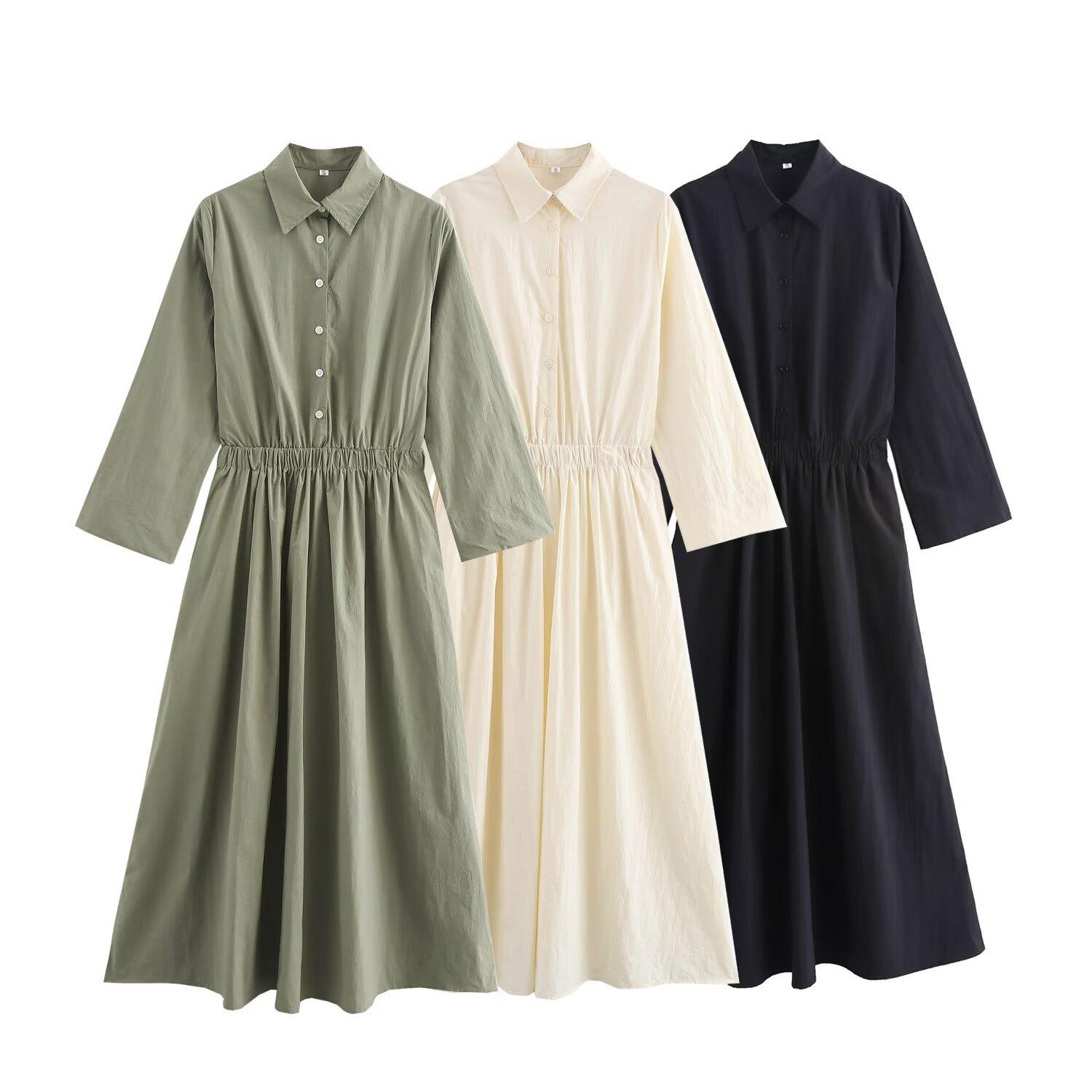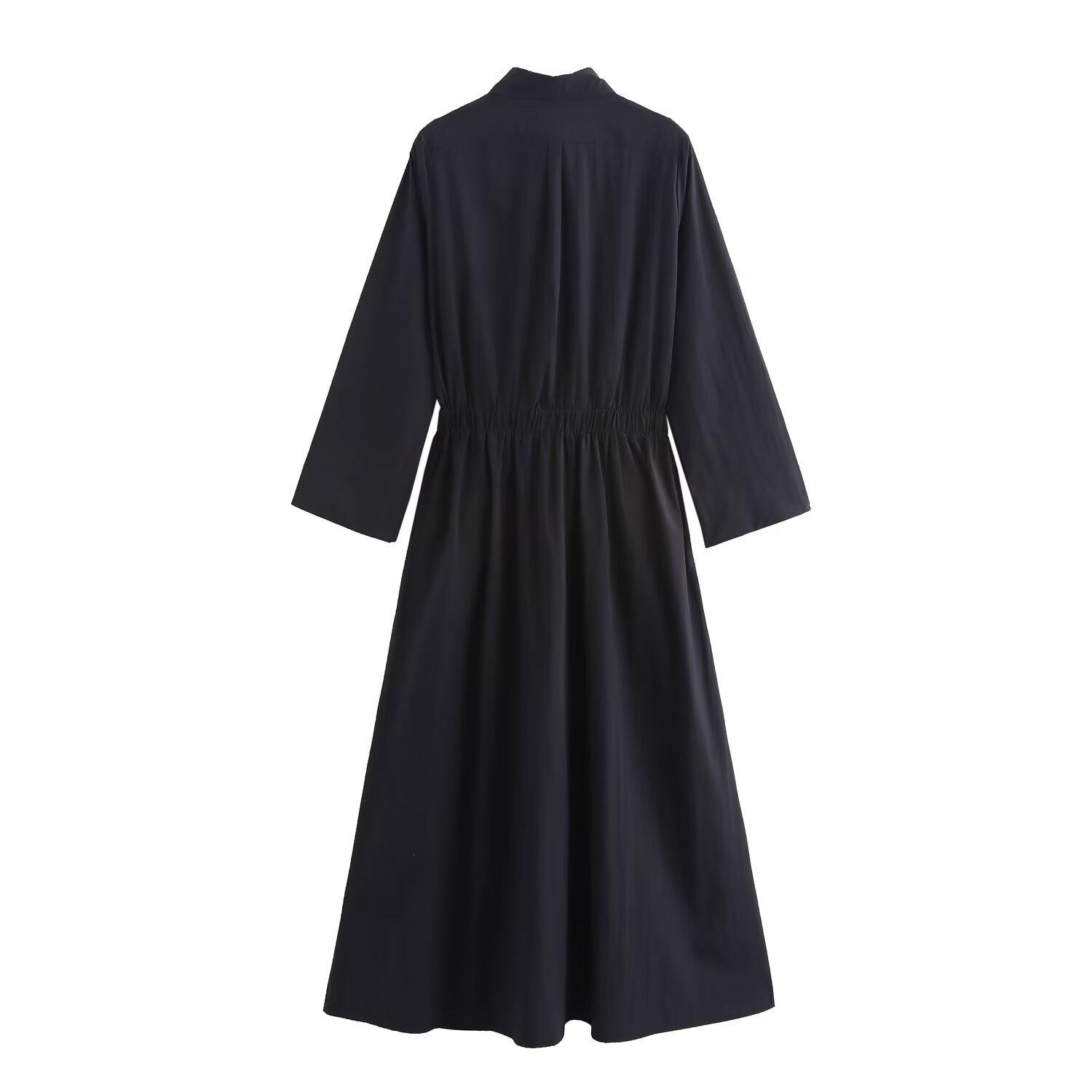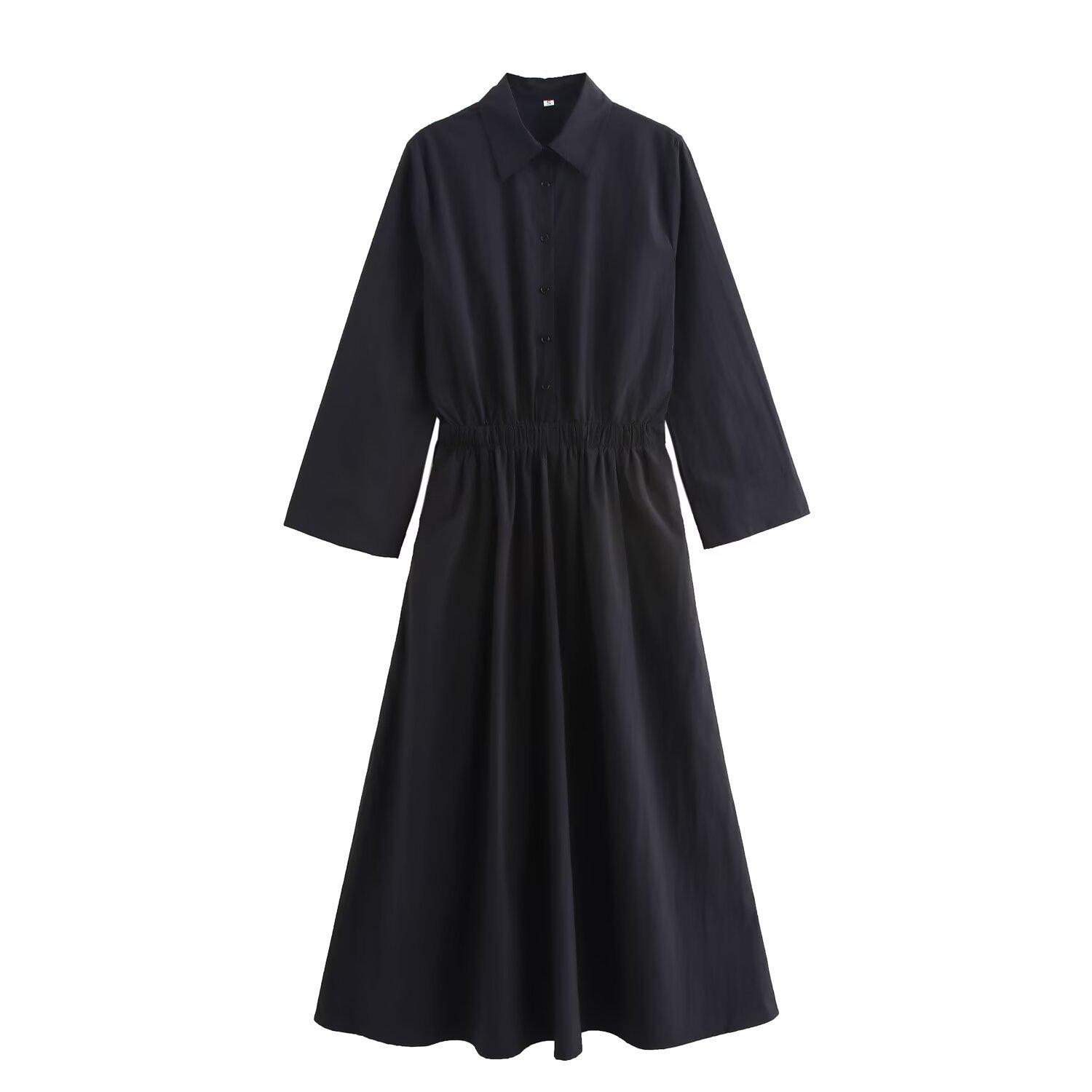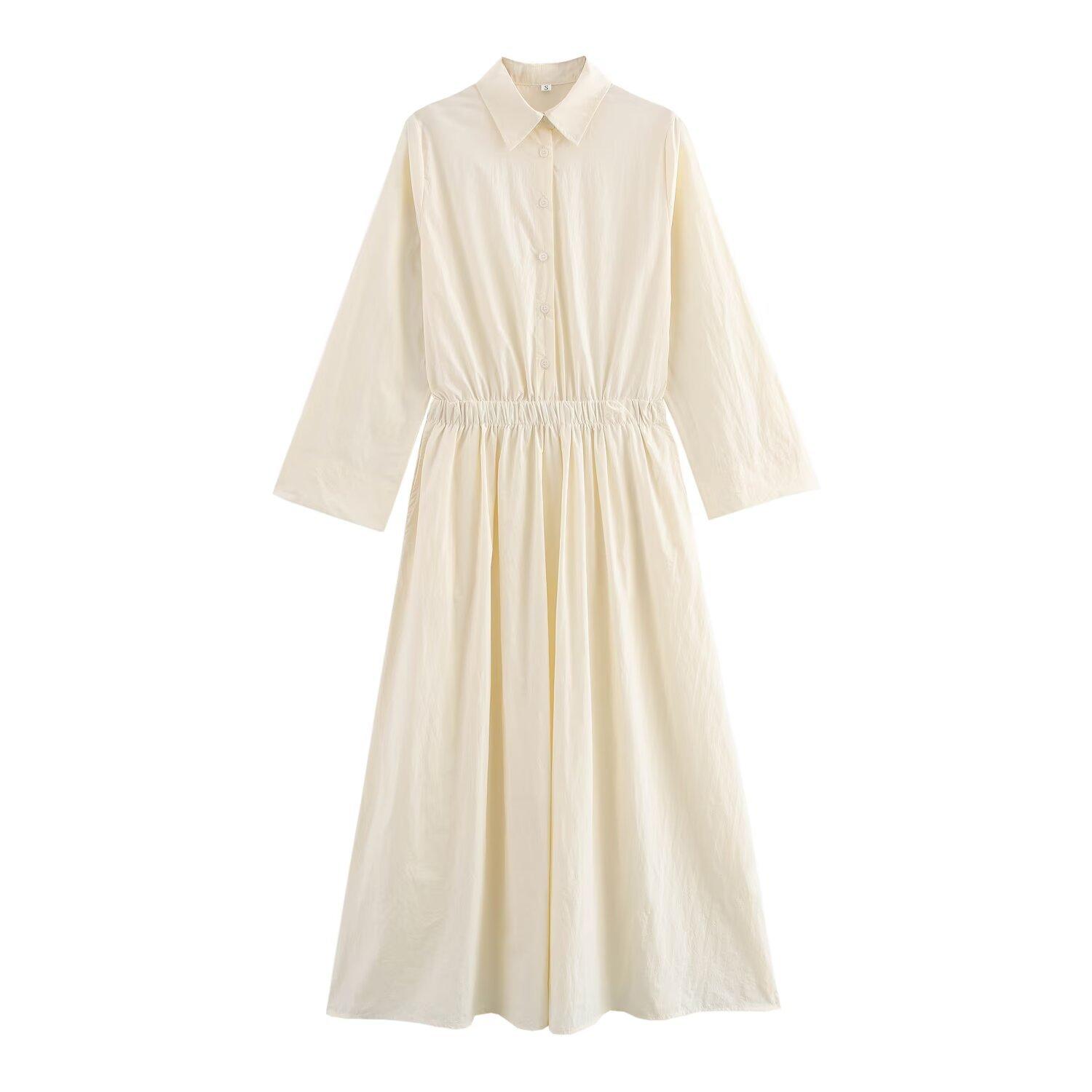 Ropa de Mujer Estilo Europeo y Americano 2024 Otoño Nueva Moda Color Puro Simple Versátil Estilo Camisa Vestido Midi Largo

=====

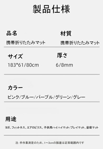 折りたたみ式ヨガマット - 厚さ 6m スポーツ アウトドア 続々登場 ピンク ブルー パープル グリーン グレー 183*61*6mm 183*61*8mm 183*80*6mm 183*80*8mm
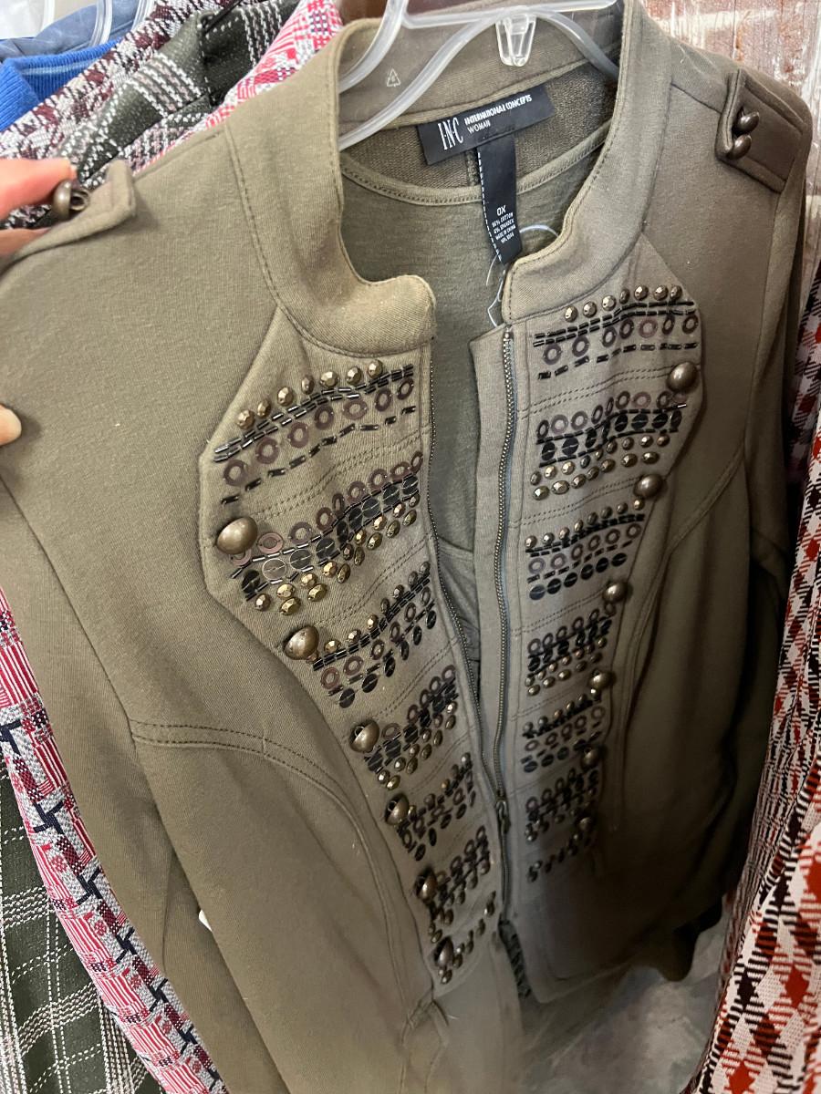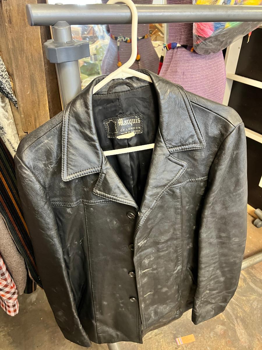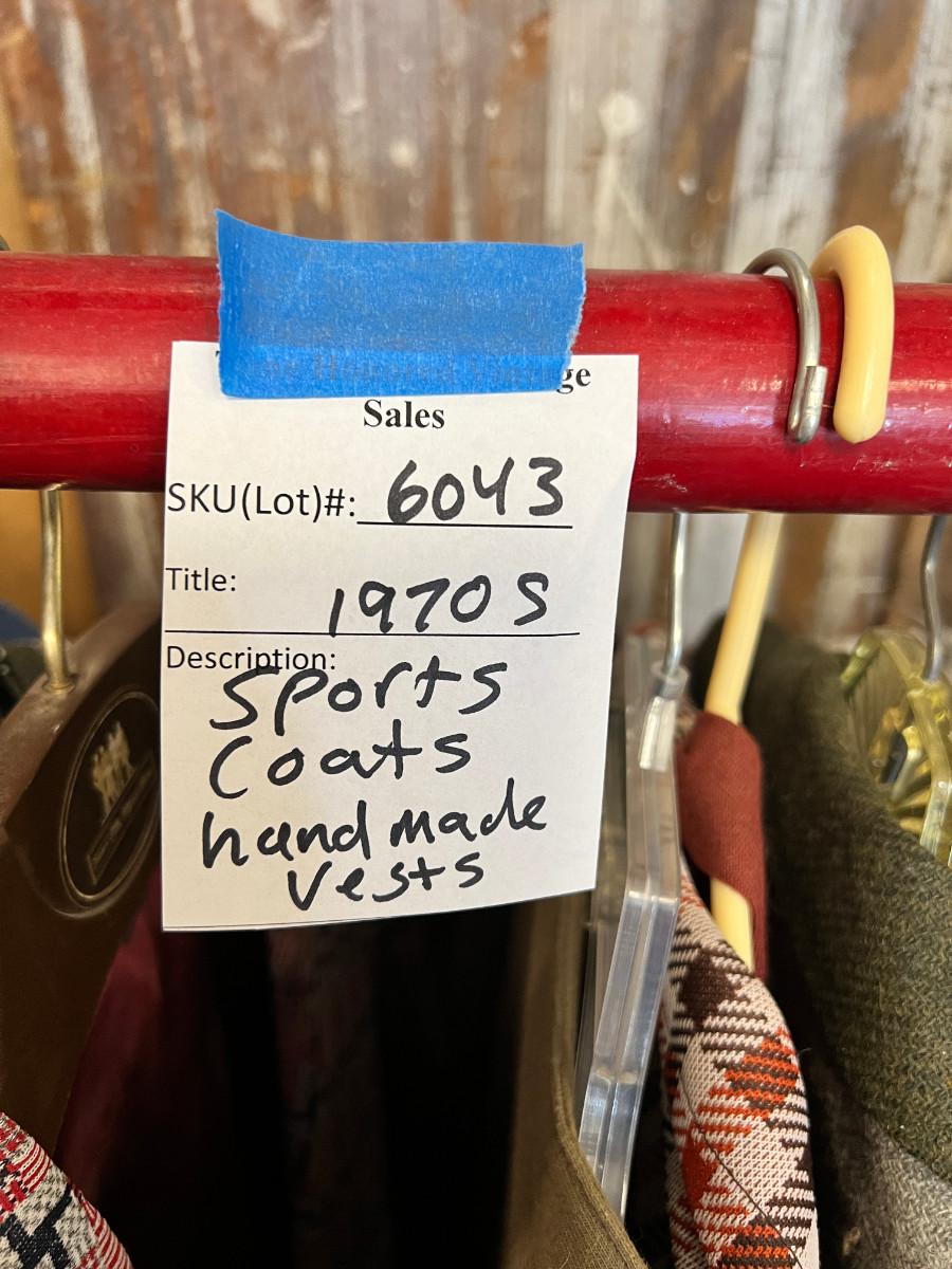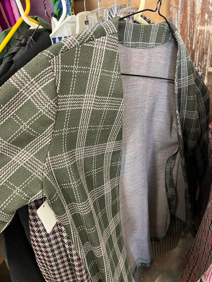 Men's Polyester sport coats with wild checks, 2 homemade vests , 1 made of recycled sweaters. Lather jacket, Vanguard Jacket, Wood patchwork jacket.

=====

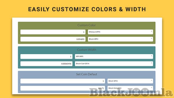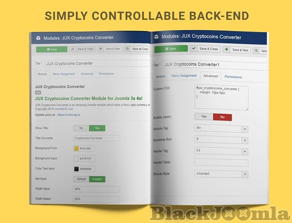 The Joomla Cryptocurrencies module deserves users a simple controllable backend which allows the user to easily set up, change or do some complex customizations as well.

=====

* [What is being asked]:
Everything from the line with "折りたたみ式ヨガマット - 厚さ" through the line with "Men's Polyester sport" in the material above should be transcribed exactly, except the pictures.

* [Answer box]:
 折りたたみ式ヨガマット - 厚さ 6m スポーツ アウトドア 続々登場 ピンク ブルー パープル グリーン グレー 183*61*6mm 183*61*8mm 183*80*6mm 183*80*8mm
 Men's Polyester sport coats with wild checks, 2 homemade vests , 1 made of recycled sweaters. Lather jacket, Vanguard Jacket, Wood patchwork jacket.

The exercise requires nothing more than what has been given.